Шел у нас разговор о литературе, о писателях. Девятилетняя девочка спрашивает:
- Скажите, а Крылов жив?
- Умер.
- Умер?! Ах, как жаль!
Со всех сторон посыпались вопросы:
- А Пушкин? Лермонтов? Некрасов?
И мне пришлось сообщать им грустные вести. Какая-то девочка говорит:
- Ну, что такое! Если писатель, так обязательно умер!»
«К вечеру пошел дождь, подул особенный, ни с чем не сравнимый невский ветер.Идешь, подняв воротник, наклонив голову, и чувствуешь, что ты сам сейчас – фигура сугубо петербургская».

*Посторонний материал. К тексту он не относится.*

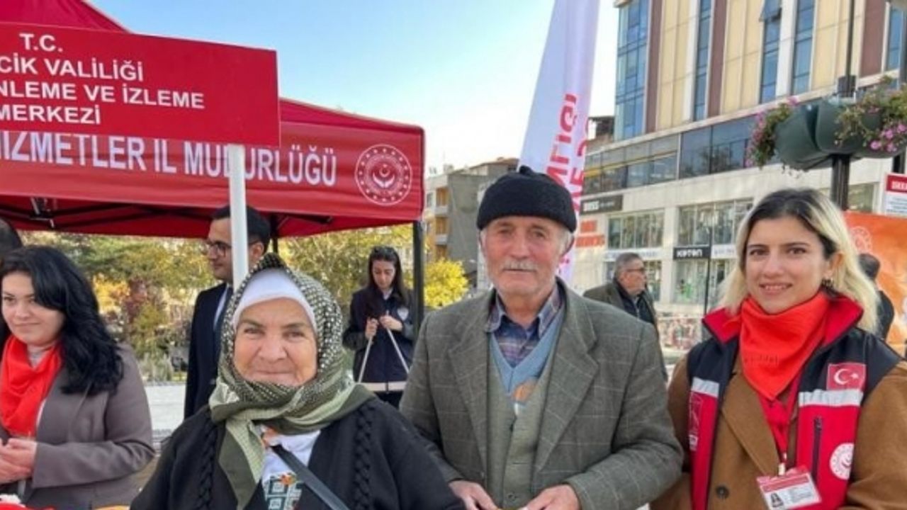 Bilecik’te kadına şiddete yönelik farkındalık çalışması kapsamında kurulan stanta gelen yaşlı çift "Kadına şiddete sıfır tolerans" dedi.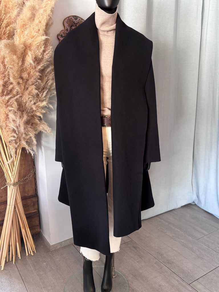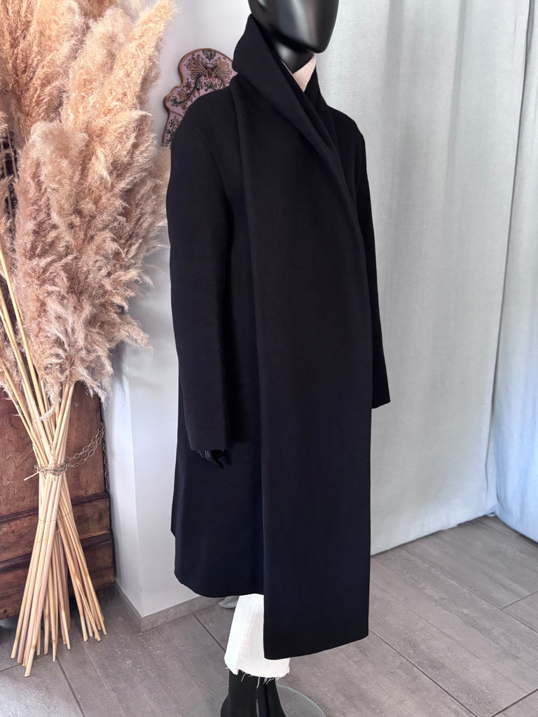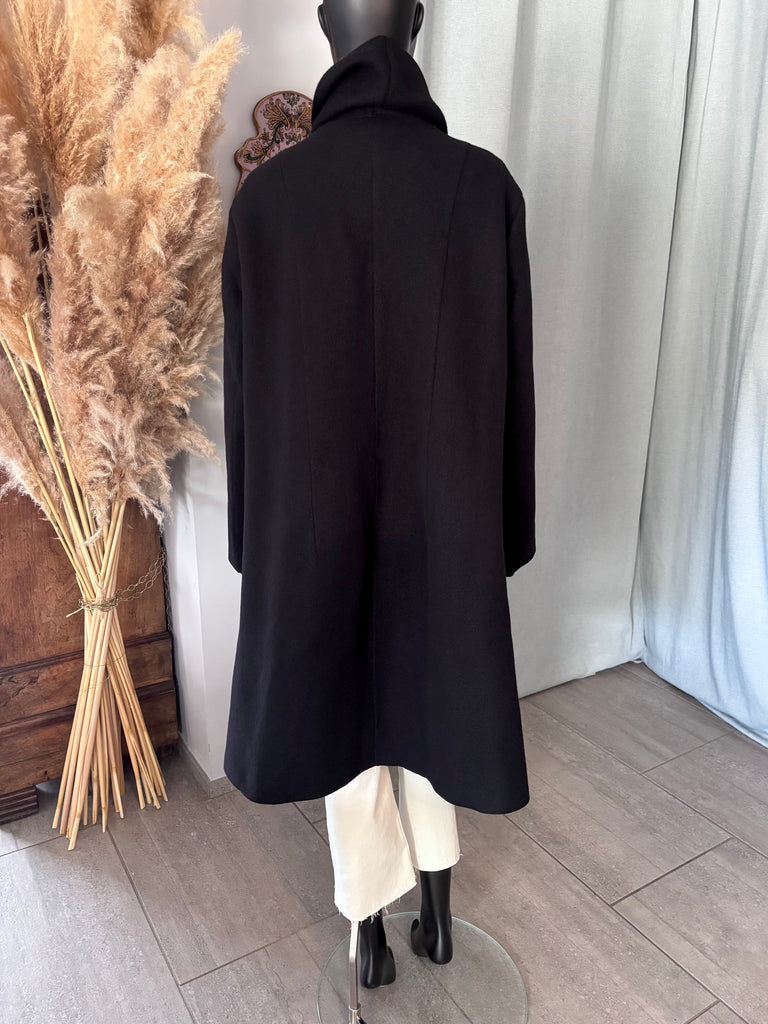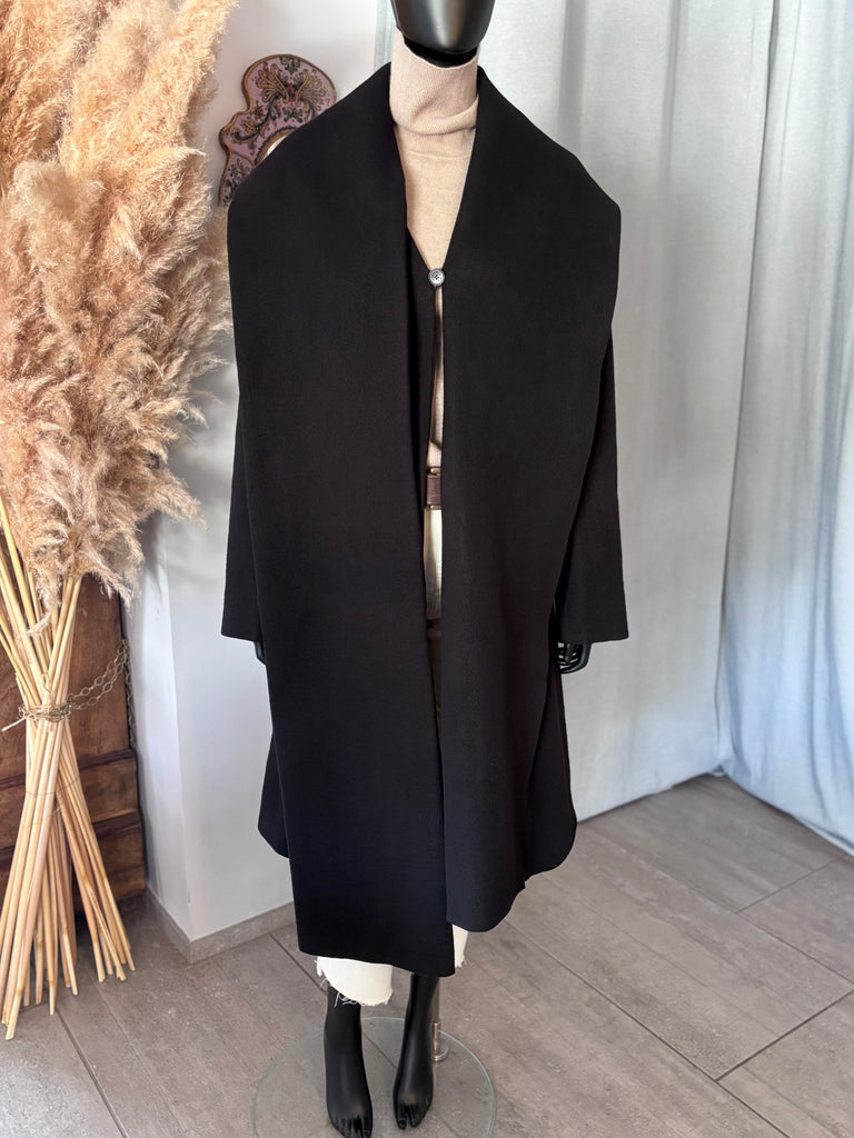 Manteau en laine bouillie épaisse de couleur noire. Coupe légèrement évasée, col structuré par une longue et large écharpe d’un côté et un large revers de l’autre, encolure en V et fermeture par un bouton siglé. 2 grandes poches dans le biais. Non doublé.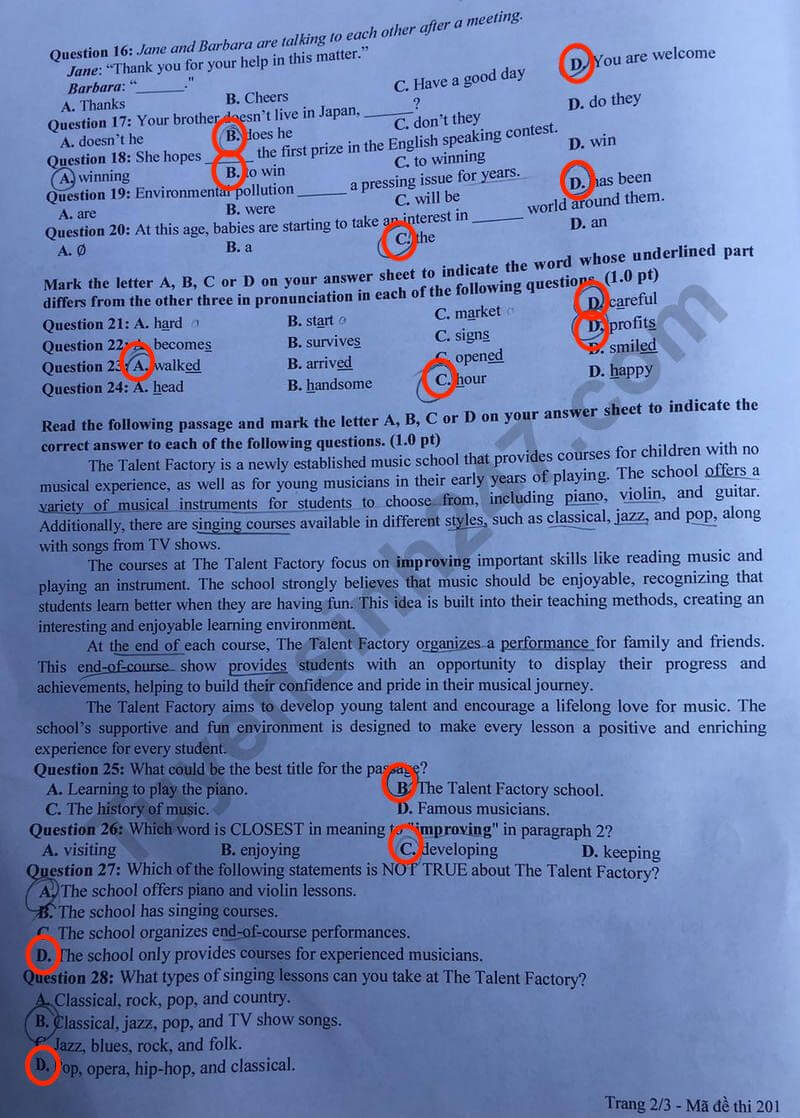 Theo dõi chúng tôi miễn phí trên mạng xã hội facebook và youtube:Loạt bài Đề thi vào lớp 10 môn Tiếng Anh (có đáp án) được các Giáo viên hàng đầu biên soạn giúp bạn ôn luyện và giành được điểm cao trong kì thi vào lớp 10 môn Tiếng Anh.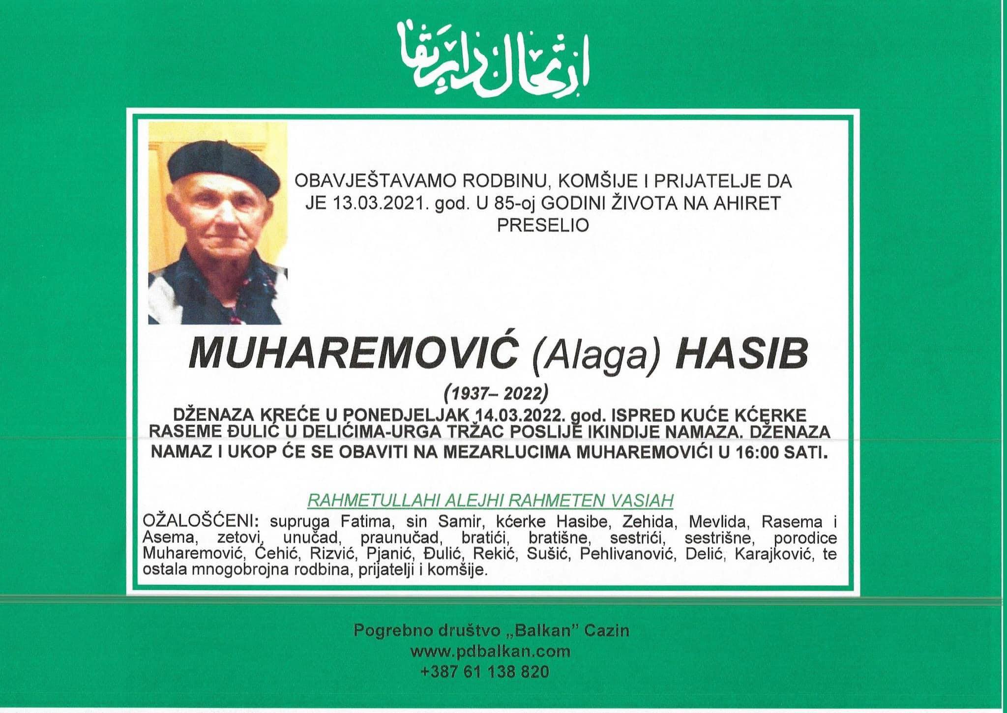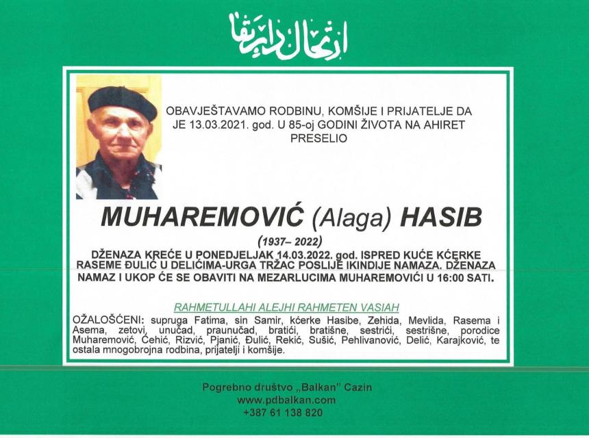 Tužnog srca i s bolom u duši obavještavamo rodbinu, komšije i prijatelje da je naš dragi Muharemović (Alaga) Hasib 13.03.2022. u 85. godini života preselio na Ahiret.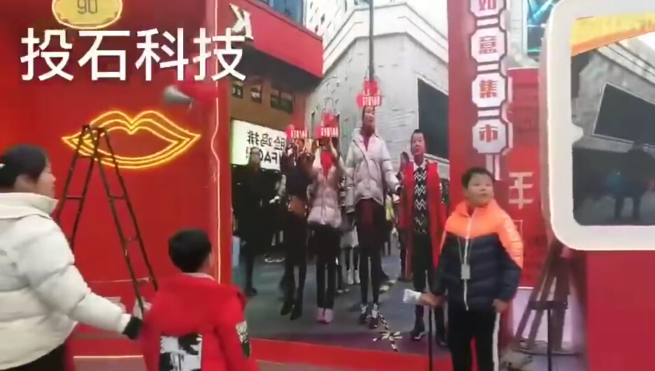 項(xiàng)目?jī)?nèi)容:南京投石智能系統(tǒng)AR頭頂福袋互動(dòng)裝置助力蘇寧福氣小鎮(zhèn)南京新街口巡展。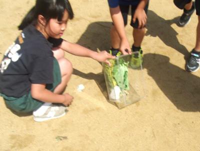 3年生は、理科の授業でキャベツ畑から採ってきた、モンシロチョウの卵を教室で育てながら観察をしています。今日は、成虫になったモンシロチョウを巣立たせるというので見てきました。虫かごの中は2匹のモンシロチョウがいました。3年生に見送られ、空高く舞い上がりました!まだまだあるので、しばらくこの光景が見られそうです。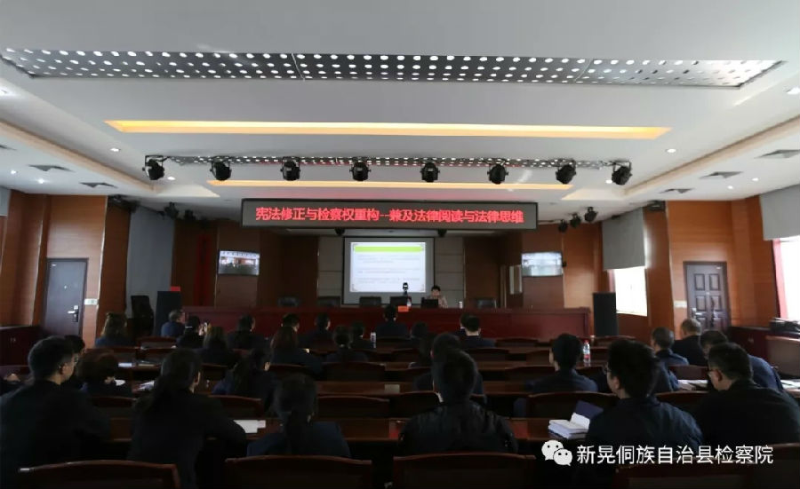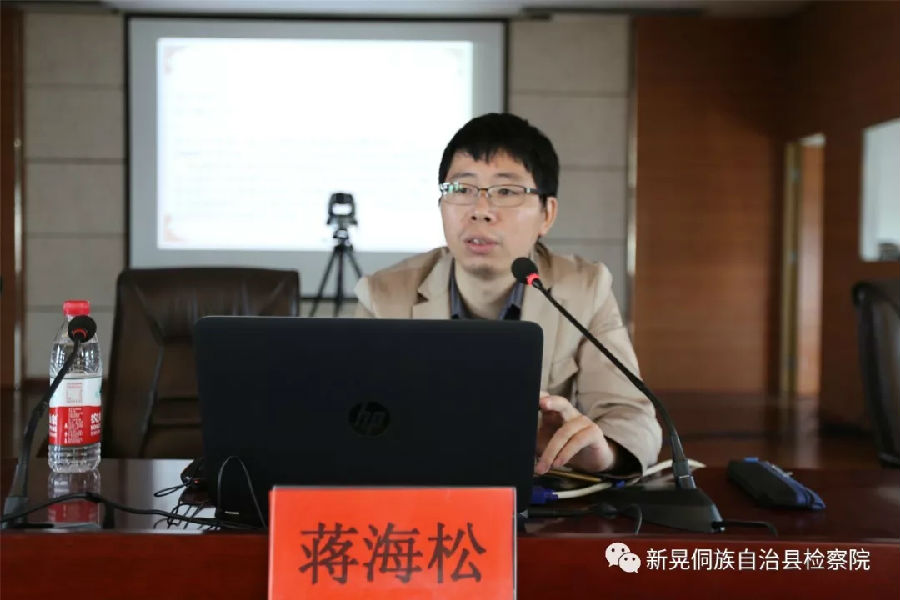 蒋海松副教授受邀为怀化市新晃侗族自治县检察院进行讲座《宪法修正与检察权重构——兼及法律阅读与法律思维》。新晃县检察院党组书记、检察长吴晖主持讲座,全体干警认真聆听了讲座。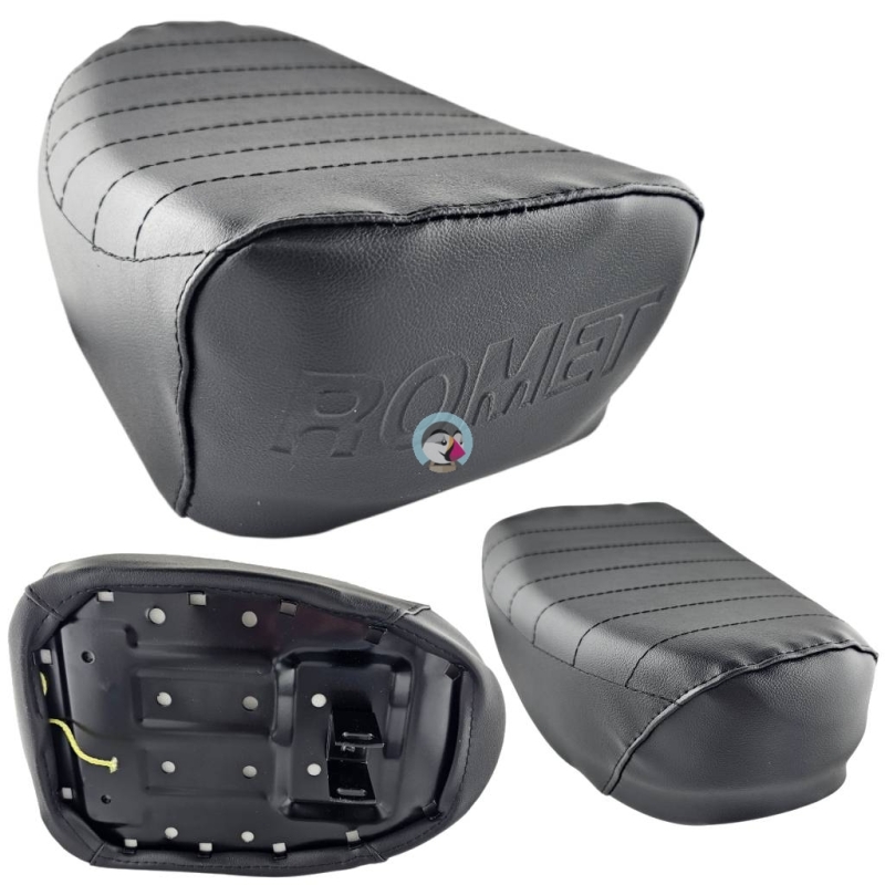 Kompletne, nowe siedzenie, z przeszywanym pokrowcem, oraz napisem ROMET z tyłu, do motorowerów Romet Komar, Romet Motorynka M2 M3 Pony.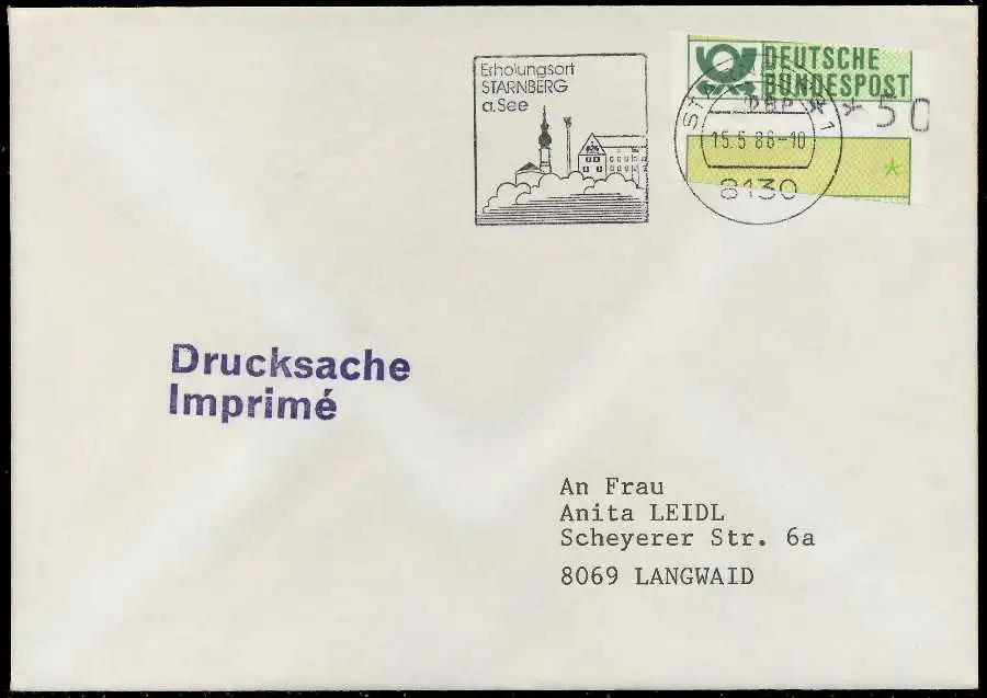 Drucksache mit ATM1-050, sogenannter "Starnberger Reiter bzw. Starnberger Springer", beiliegend die Quittung des Automaten mit Datum 15.05.1986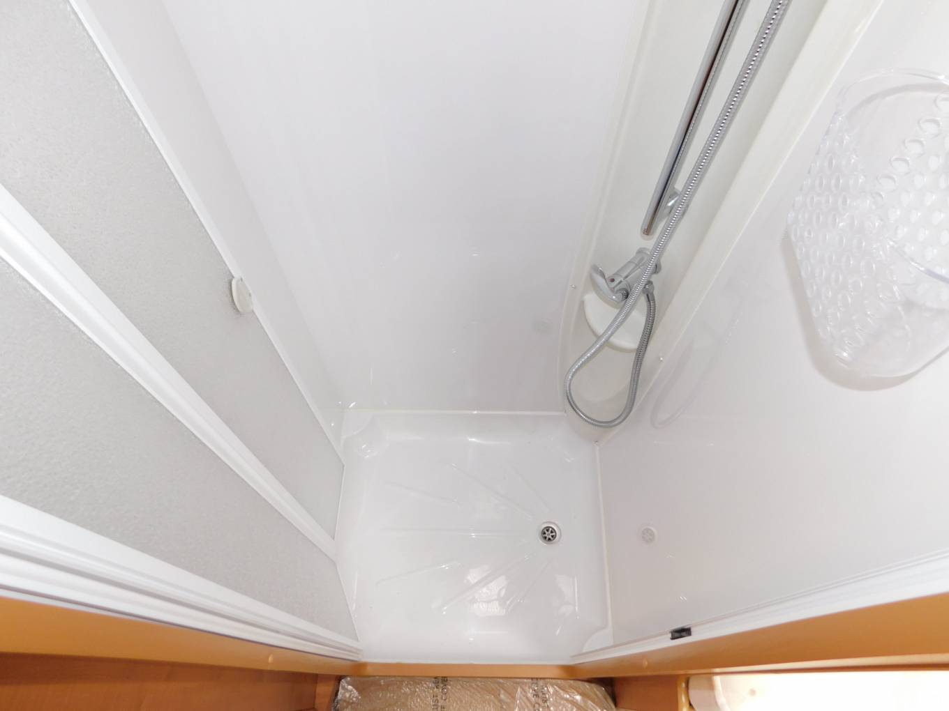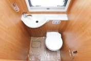 - In the middle of the motorhome you have the separate shower cubicle on the off-side, with folding perspex shower doors and the washroom is on the near-side, with built-in washbasin and a Thetford cassette swivelling toilet with electric flush. The door to the washroom swings to section off the rear off the rear of the motorhome from the front, to give privacy.

«Помню, как в Москве я первый день провел у Твардовского //после эвакуации в 1942г.// Помню, как трогательно, с неумолимой настырностью кормил меня Александр Трифонович: самолично жарил на кухне чудовищно огромную яичницу, накладывал по десять ложек сахара в стакан чая. Конечно, все это делалось от доброго сердца, от хорошего расположения, но было тут что-то и от художнического любопытства: интересно же посмотреть, как будет насыщаться человек, без малого год голодавший».
«27.01.1944. Сегодня вечером за два часа до отхода поезда – салют в честь освобождения города от блокады. Такого в Москве не бывало. Боюсь, не хватит у меня ни красок, ни умения, чтобы рассказать, как это все было, как выглядела улица, что было написано на лицах дорогих моих земляков… Самый салют и фейерверк не такие уж мощные, внушительные. Пожалуй, по сравнению с Москвой, даже скромные. Говорят – пушек не хватило – пушки все на фронте, южнее Гатчины и западнее Тосно – поэтому на Марсовом поле закладывали и взрывали фугас».
«Все эти дни город буквально на глазах оживал. Людям казалось, что вообще кончилась война. Трамвайные остановки из мест безопасных переносились на их обычные места. На Невском девушки в стеганках ходили с раздвижной лестницей и ввинчивали лампочки в уличные фонари. Два с половиной года эти фонари стояли слепые!»
Меня смущало ощущение слишком серьёзного отношения автора к своей персоне. А из дневников стало ясно, что просто у человека такой стиль письма, а вовсе не раздутое ЧСВ.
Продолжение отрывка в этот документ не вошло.